Она отвернулась, давая понять, что разговор окончен.

Ладно. Не хочешь делиться – не надо.

* * *

Спустя день бык был жив. Он лежал под навесом, который для него соорудили воины, укрытый шкурами. Животина был слаб, но дышал ровнее и даже несколько раз пытался поднять голову, когда слышал голос Носохряка. Хороший ли это знак? Конечно. Выживет – будет мне счастье.
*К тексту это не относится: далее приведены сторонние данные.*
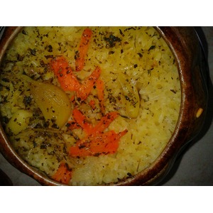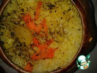 Сверху мяса в каждый горшок выкладываем по половине нарезанного полукольцами лука и слегка поджаренную соломкою морковь. |
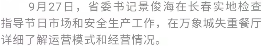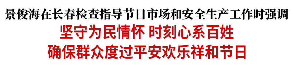 今天(9月27日),省委书记景俊海在长春实地检查指导节日市场和安全生产工作。他强调,要深入贯彻习近平总书记关于安全生产和扩大内需的重要论述,全面对标对表习近平总书记在新时代推动东北全面振兴座谈会上的重要讲话精神,坚守为民情怀,时刻心系百姓,扎实做好安全生产工作,进一步丰富市场供应、稳定商品价格、满足消费需求,确保群众度过平安欢乐祥和节日。红旗青年荟商场聚集了200多家品牌商户,主要面向青年消费群体开展经营。景俊海走访察看运营情况,看到文创产品特别受欢迎、商家营销方式十分灵活,给予充分肯定。景俊海强调,资源有限、创意无限。要深入研究市场,主动引领需求,大力推进文旅商融合发展,以文化创新、业态创新、模式创新提升产品服务价值,吸引各地游客,带动商业繁荣。景俊海随机走进一家餐馆后厨,仔细察看卫生条件和燃气使用情况,要求有关部门加强食品安全监管和燃气安全检查,严格排查整治风险隐患,坚决守住安全底线。在商场中央控制室,景俊海认真察看消防设施运行情况,强调要坚持人防技防相结合、巡查监控相结合,严格落实安全措施,加强消防设施维护和应急演练,在显眼处设置紧急通道标识,一旦发生危险必须第一时间疏散,确保人民群众生命安全。长春万象城客流如织、人气火爆,是城市新晋网红打卡地。景俊海来到0LE超市,详细了解蔬菜、水果、副食等商品供应情况,要求有关部门组织商场与当地货源对接,统筹线上线下渠道,更好帮助吉林特色农产品拓展销路、抢占市场。失重餐厅是一家无人点餐、无人送餐、无人收银餐厅。景俊海详细了解独特运营模式,强调要以创新赋能传统业态,不断为群众提供新服务、创造新体验,更好地满足群众多样化需求。调研中,景俊海指出,中秋、国庆双节临近,各地、各部门要保持“时时放心不下”的责任感,扎实做好节日期间各项工作,坚决维护全省社会大局安全稳定。要聚焦煤矿和非煤矿山、道路交通、危化品、森林草原防火、旅游景区等重点领域,进一步加强风险防范措施,坚决防止重特大事故发生。要聚焦百姓“菜篮子”“米袋子”“果盘子”,切实保障节日市场供应充足、价格稳定,让百姓节日餐桌更加丰盛。要聚焦消费扩容提质,积极开展吉林旅游营销推广,进一步丰富文化文艺活动,鼓励商场店铺开展节日促销,千方百计扩大内需、拉动消费,为经济稳定增长注入强劲动力。
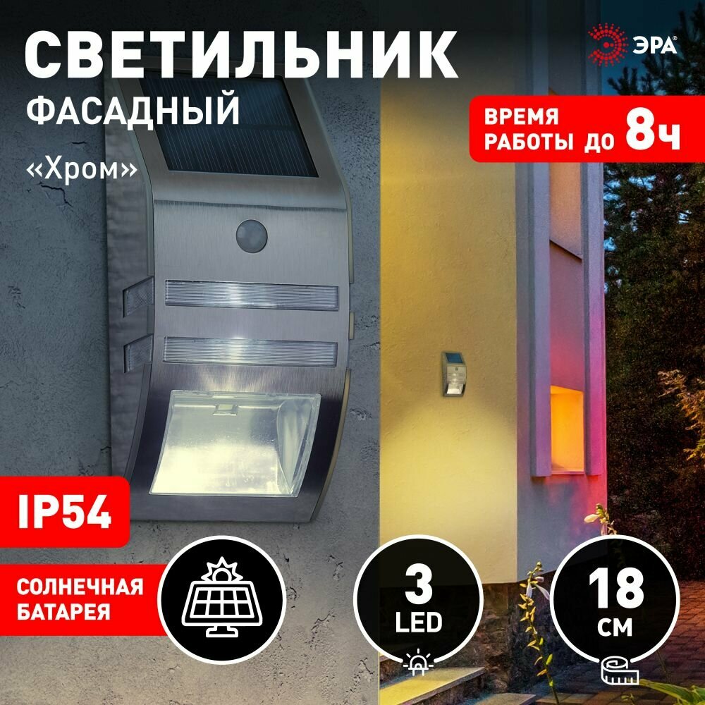 ЭРА Фасадный светильник Хром, на солнечной батарее, 3LED, 50lm (12/864) интересное:
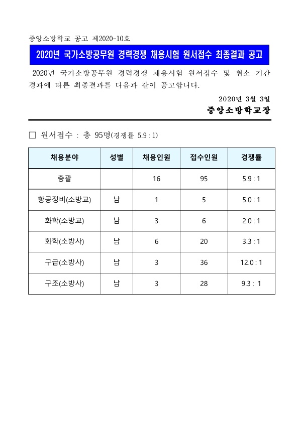 ▶ 2020 중앙소방학교 국가소방공무원 경력경쟁 채용시험 경쟁률
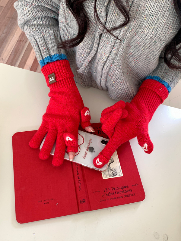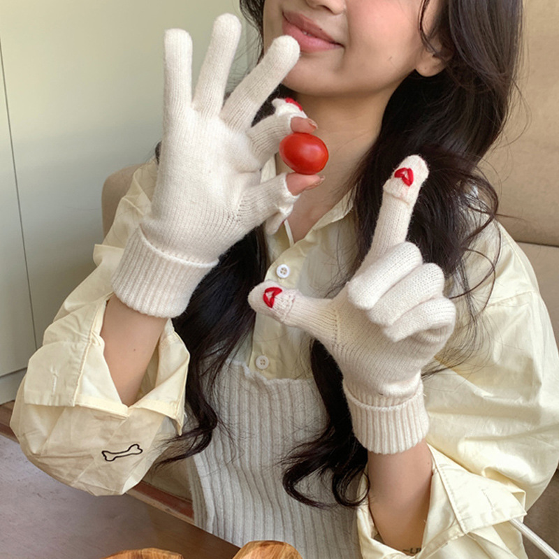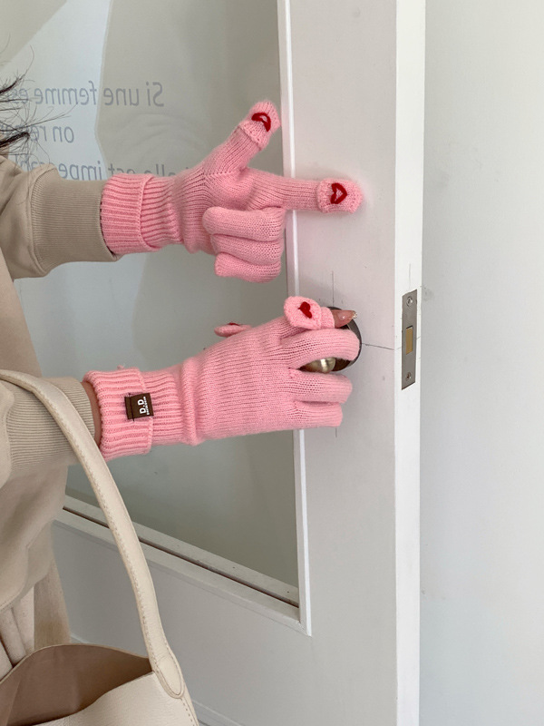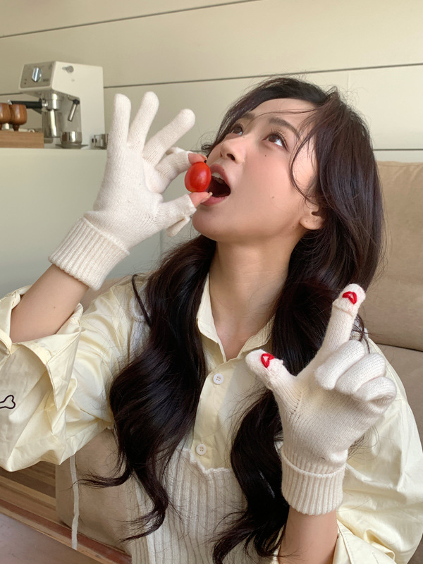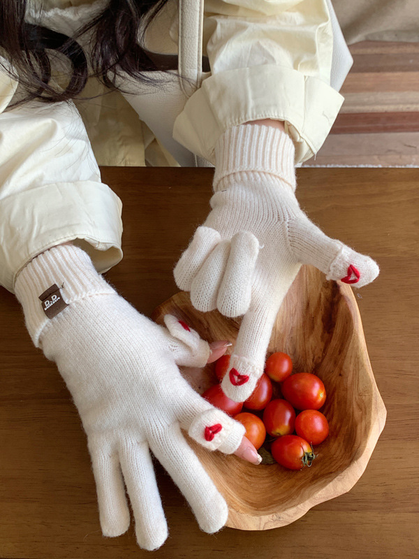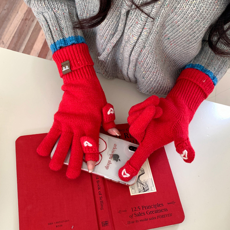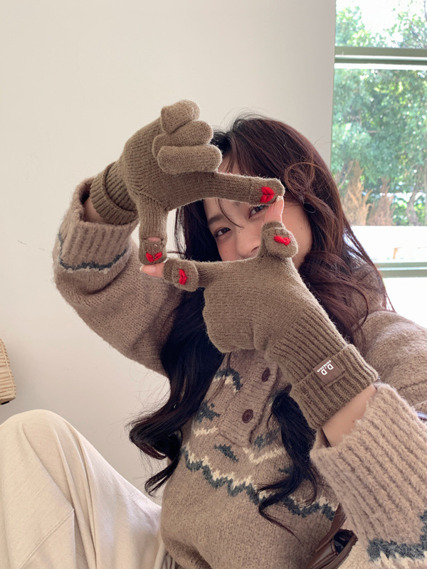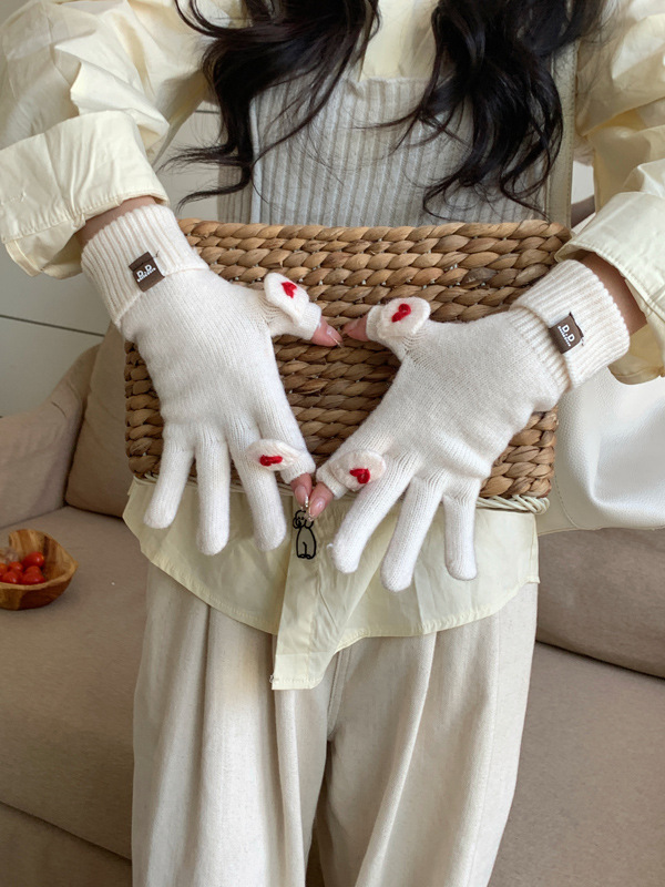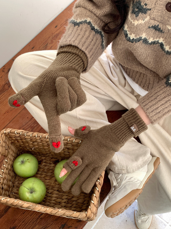 2024 가을과 겨울 양모 니트 사랑 자수 장갑 여성 양모 오픈 손가락 터치 스크린 따뜻한 승마 학생 감기 보호
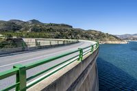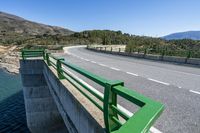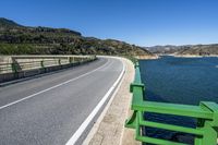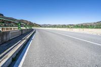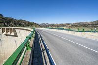 A scenic view of a straight road in Spain, with asphalt stretching out into the distance. The road is located along the low coastal area, offering beautiful views of the ocean. A bridge can be seen crossing over a river, adding to the picturesque landscape. The clear sky and natural surroundings make this photo a perfect representation of the beauty of Spain in Europe.
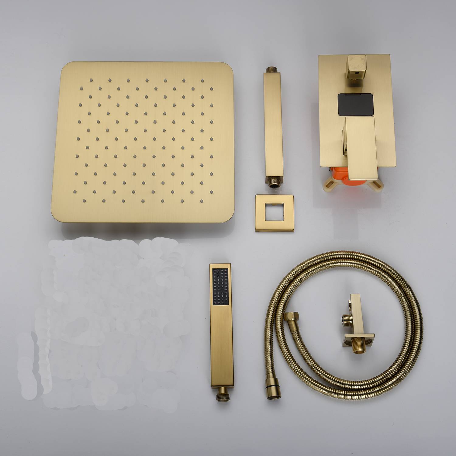 Presenting our Brushed Gold Shower System, crafted with high-quality materials that guarantees an opulent and refreshing shower experience. This system includes a brushed gold fixed shower head, a brass handheld holder, a 9.5” shower arm, a 59” shower hose, a 2-way digital display valve, a brass shower holder made of brass.
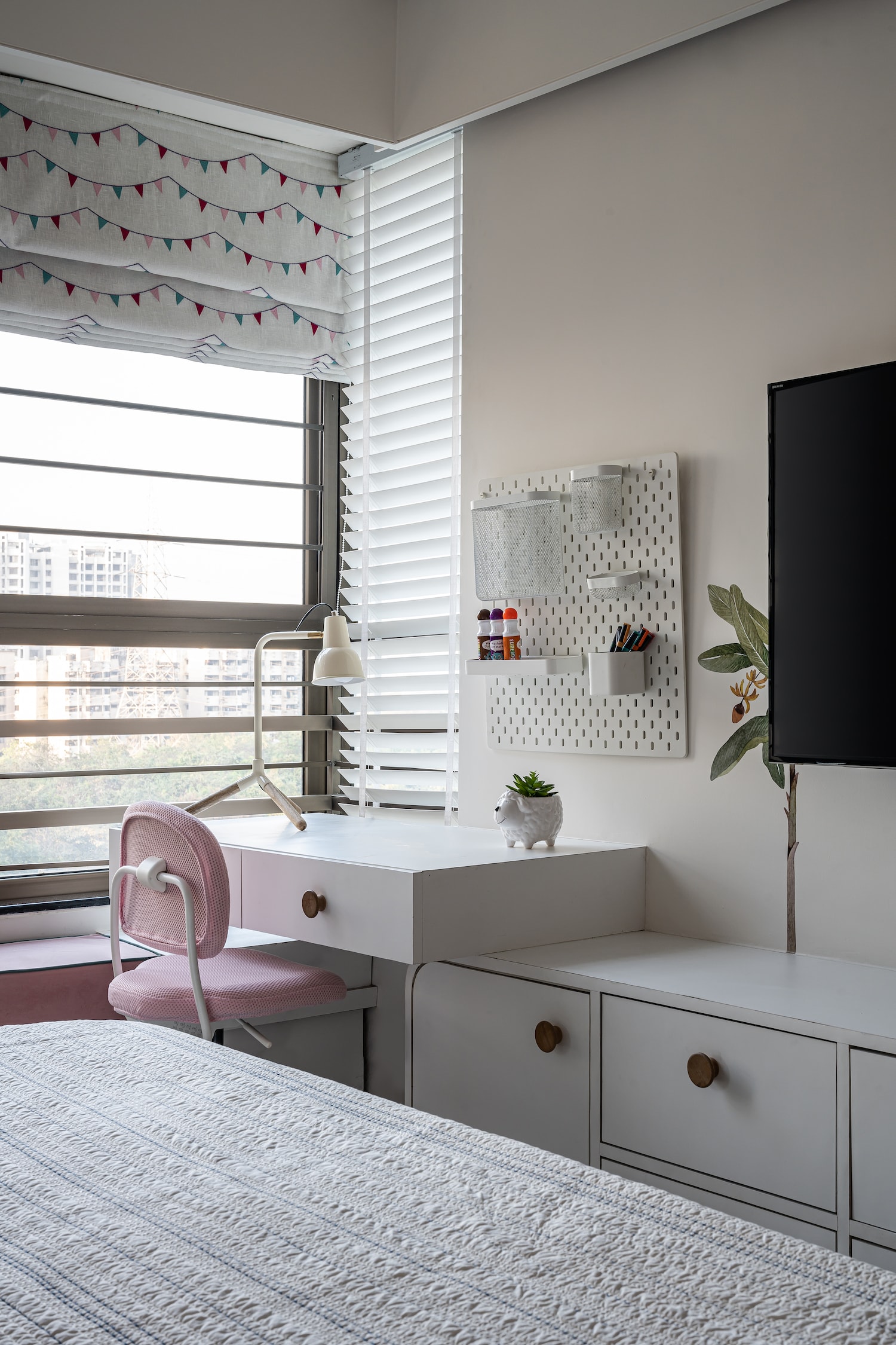 “The daughter’s room in this project is designed to be softer visually, with mild pastels and whites. To further amplify the gentle ambience of the room, we used curves in furniture and elements like mirrors are used. As a backdrop to the whole room is a custom wallpaper, a graphical representation of flora-fauna which brings in the colours that truly celebrate childhood.”
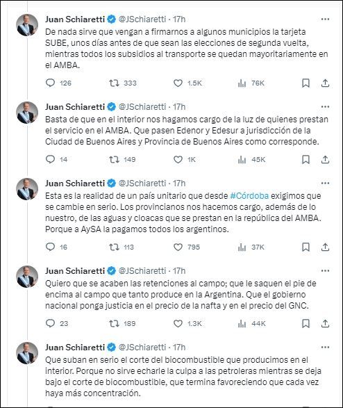 Y continuó: "En #Córdoba cuidamos a nuestra gente, estamos a disposición de las familias y siempre estaremos planteando la necesidad de que en nuestra Patria argentina haya federalismo. Y esto no tiene que ver con las posiciones políticas, tiene que ver con queremos un país equitativo y de nada sirve que vengan a firmarnos a algunos municipios la tarjeta SUBE, unos días antes de que sean las elecciones de segunda vuelta, mientras todos los subsidios al transporte se quedan mayoritariamente en el AMBA", dijo Schiaretti remontando sus banderas de federalismo que habían sido eje de su campaña presidencial.
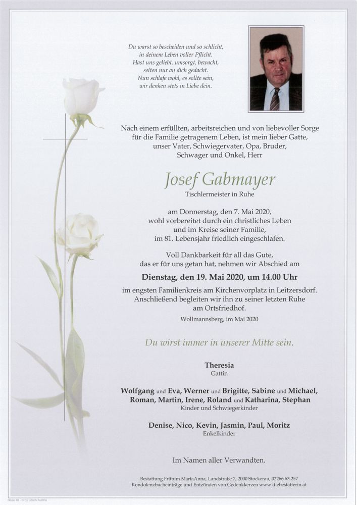 Aufrichtige Anteilnahme, Maria . Josef Müllner
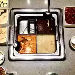 Features: Four-grid hot pot, diverse dishes, rich condiments
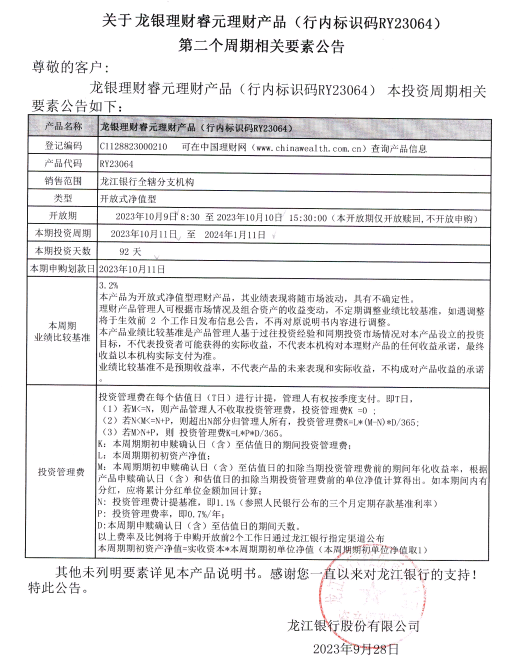 龙银理财睿元理财产品(行内标识码RY23064)第二个周期相关要素公告
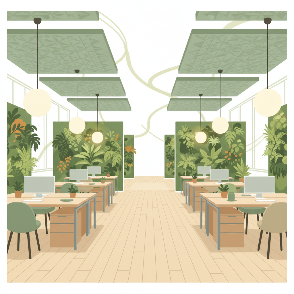 A biophillic office space - Warm wood finishes and brushed metal accents  Sage-green colour palette inspired by nature  Soft, layered lighting that adapts throughout the day  Generous walkways and acoustic dampening materials  Living plant walls and garden integration - AI generated illustration
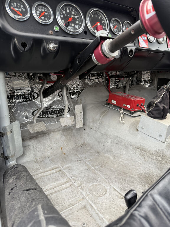 - Moteur V8 5.7L optimisé avec pistons JE, bielles et vilebrequin Eagle, carburateurs Holley 850 CFM, culasses en aluminium et pompe à eau Edelbrock, carter d'huile AVAID 12 litres, allumage MSD et gros radiateur de refroidissement en aluminium…
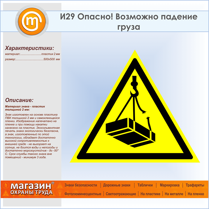 Знак «Опасно! Возможно падение груза», И29 (пластик, сторона 500 мм) в Новокузнецке купить
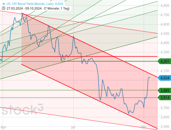 Es ist mit Sicherheit kein Zufall, dass die Rendite der 10-jährigen US-Staatsanleihe ebenfalls am 1. Oktober ein (höheres) Tief markiert hat und seitdem kräftig angestiegen ist.
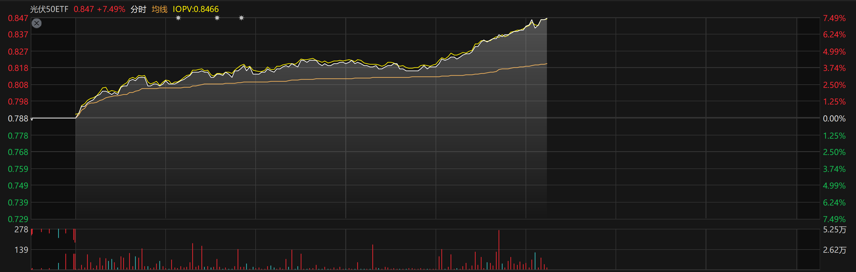 2025年10月29日,A股光伏板块迎来久违的普涨行情。截至当日早盘,中证光伏产业指数强势上涨近5%,光伏50ETF(516880)盘中涨幅超6%,成分股中阿特斯、隆基绿能涨停,特变电工、阳光电源涨逾8%。这一表现与近期光伏行业基本面改善密切相关。回顾三季度,光伏板块在“反内卷”政策推动下已初现回暖迹象:7月以来,硅料、硅片价格触底反弹,以N型G12单晶硅片为例,其价格从7月初的1.19元/片涨至9月下旬的1.68元/片,涨幅超40%。价格回升直接利好上游企业,TCL中环三季度亏损同比收窄48.82%,毛利率虽未转正但已显著改善;而阳光电源前三季度净利润同比增长56.34%,储能业务海外发货占比提升至83%,凸显龙头韧性。
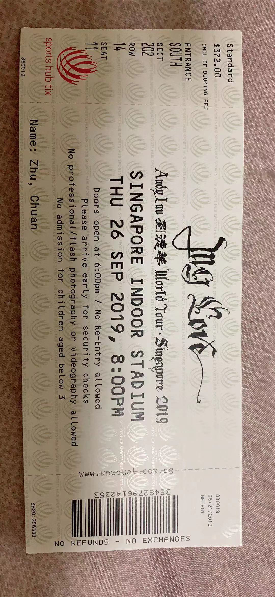 【爱华】出一张9.26新加坡演唱会VIP门票!

Раз уж Альма отказала мне в своих чудо-травах, пришлось импровизировать, полагаясь на базовые знания и то, что росло под ногами. Я приготовил свой собственный лечебный отвар. Взял побольше молодой сосновой хвои – природный антисептик и источник витамина C. Нашел заросли иван-чая, который, как я помнил, обладает противовоспалительными свойствами (да и сама знахарка тоже про него говорила). И добавил немного коры ивы, содранной с молодого деревца у ручья, – природный аналог аспирина, салициловая кислота, которая должна была сбить жар и уменьшить боль. Пусть и содержание ее было мизерным для такой туши.

Я долго кипятил все это в котелке. Этим пойлом методично отпаивал быка, вливая жидкость ему в угол рта. Носохряк и Эрет сидели рядом, не отходя от своего кормильльца, и молча наблюдали за моими действиями. Пастух, кстати, приходил в себя. Несколько раз ловил на себе мой взгляд и тут же смущенно отводил его.

После очередной процедуры я подозвал к себе Эрета. Он подошел, с опаской глядя на мои окровавленные руки.

– Эрет, – начал я, – ты же видел ту тварь, что напала на стадо? Что расскажешь? И раньше такое бывало у вас?

Он вздрогнул.

– Та я… я не знаю, чесна. – затараторил он. – Оно… оно как из-под земли вылезло, ей-богу! Мы быков пасли, все тихо было, а потом земля как задрожит, и оно ка-а-ак выскочит. Прям из-под копыт у Бора.

– Как червь?

– Ну да! Как червяк огроменный! Серое такое, блестяшшее, как мокрый камень. И длинное, шо змеюка. А башка… – он почесал в затылке, пытаясь подобрать слова, – …башка круглая, и вся в иголках, как еж, ну реально! И на носу рог такой, кривой. Глаза белые, как молоко, без зрачков. Страшнючие.

– А крылья? Они ведь летали? Атака на быка было сверху же.

– А были, были! Ма-а-аленькие такие, как у курицы недоразвитой, по бокам торчали. Оно ими махало, когда на Бора прыгнуло.

Хм хм хм.

– А огонь?

– А и огонь был! Только чудной какой-то. Оно как пасть разинет, а оттуда кольца такие летят. Огненные! Не как у Чудовища, струей, а прям кольцами. Одно в скалу попало, так камень и поплавился.

Парень вновь задумался.

– И шипы были, коли знать важно. Вся спина и хвост в них. Вострые, зараза! Когда оно на Бора навалилось, так этими шипами его всего и изодрало. Я как копье в него ткнул, оно и отвалило. Заорало так, шо ухи заложило, нырнуло обратно в землю у леса – и все, нету. Как и не бывало.

В землю у леса? То есть оставило какую-то дыру? Это я и задал парню.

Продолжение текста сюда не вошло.